Saturday, October 25, 2008

Tempting Faith

This is the title of a book by David Kuo, that I've just finished. This book is an important one for Christians struggling to understand their engagement in the political process. Over the last few days, I've been reading everything I can get my hands on to answer some of my own nagging questions like: In terms of politics, what hopes should we have for changing the world? How have important Christian leaders historically used their political power for good? (William Wilberforce, Abraham Lincoln, Martin Luther King are the first examples that came to mind.) And what are the dangers of politics to which we as Christians should be alerted? (Here, I sought out Chuck Colson and Billy Graham). David Kuo himself speaks to many of of these questions.

He was an insider when the Republicans stormed Congress in 1994 and made the Contract with America. He later became an adviser to George W. Bush in the office for Faith-Based Initiatives. He's critical of the administration, but I don't think unfairly so. Kuo admires the deep personal faith of Bush. He believes that his passion for helping the poor was always genuine. However, Bush never put his political weight behind real policy for helping the poor. And what he saw from the inside of the White House was a string of empty promises (politically motivated as an means to court the evangelical vote) and double-speak to cover up the fact that he never delivered the goods on faith-based initiatives. 

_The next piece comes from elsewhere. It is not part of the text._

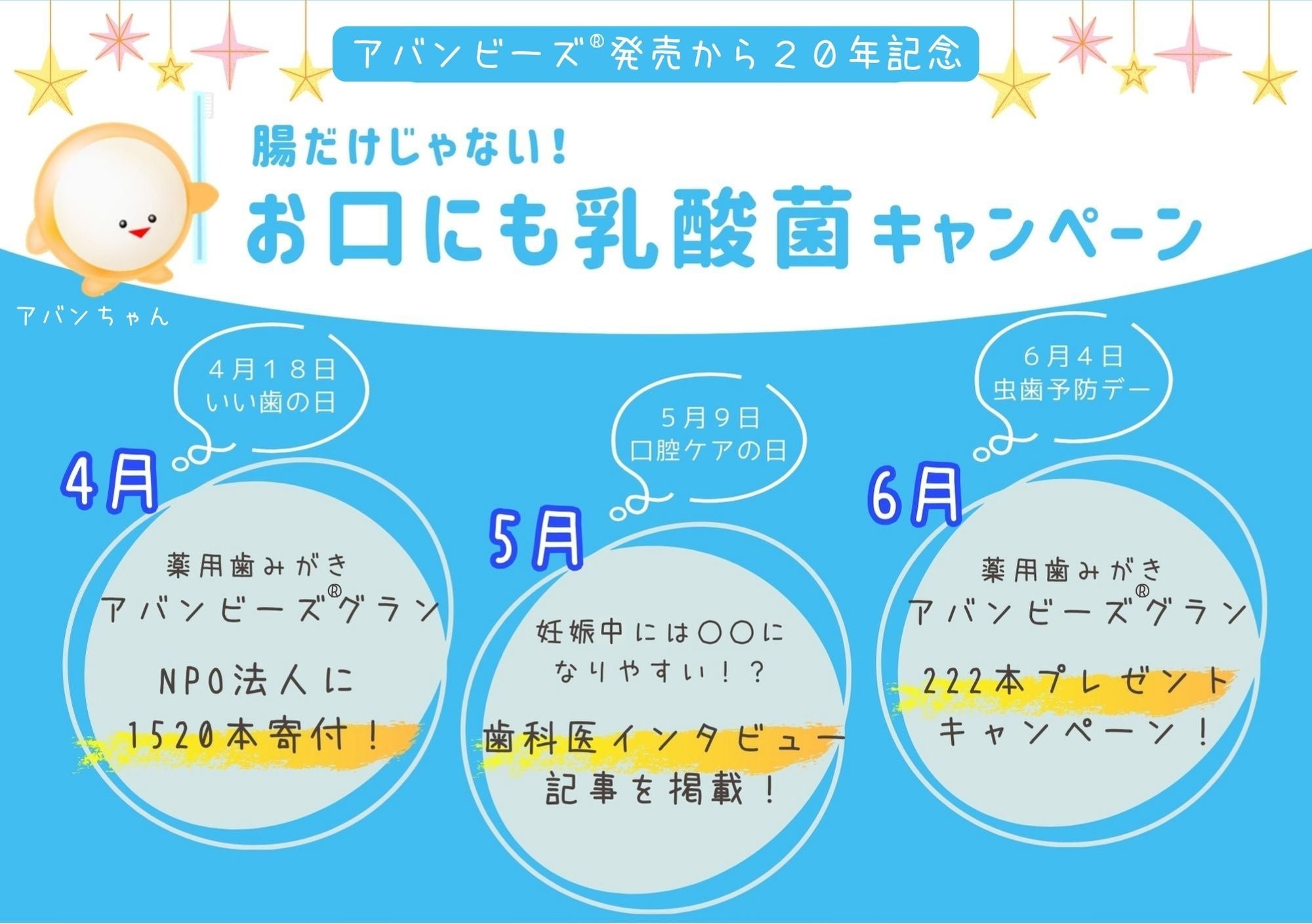 妊娠時には○○になりやすい?妊婦の口腔トラブルについて徹底解説!薬用歯磨きアバンビーズ®発売20年を記念し3ヶ月連続企画「腸だけじゃない!お口にも乳酸菌キャンペーン」を実施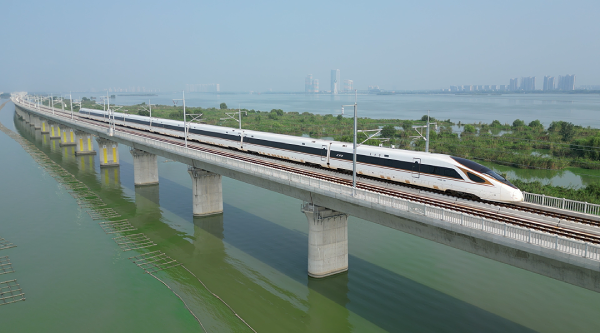 首趟试运行列车驶过常州特大桥滆湖段

This book is especially important for its discussion of power. Unfortunately, he talks about how Christians themselves are bought by this power. (He wasn't specifically referring to Bush so much as the pastors and Christian leaders who sought to influence the White House). Here's a look at some of his reflections on power: "The White House was also one of the most seductive places imaginable. Not just because of the perks, which are nice, but because of the raw power of the place hidden in a true desire to save the world. It is the ring of power from Tolkien's Lord of the Rings. The longer anyone holds the ring the more he loves it, the more he hates it, and the more desperate he is to hold on to it. It becomes the most precious thing in his life. Priorities, loves, interest, life are lost in it. The ring owns, it is not owned."

I think reading this book helped me to wrangle less over the question, Who am I going to vote for?, and start the process of thinking more constructively about the power of the Church as an agent of change. I've got a lot more to say about this, but the kids are waking up, and it's breakfast time.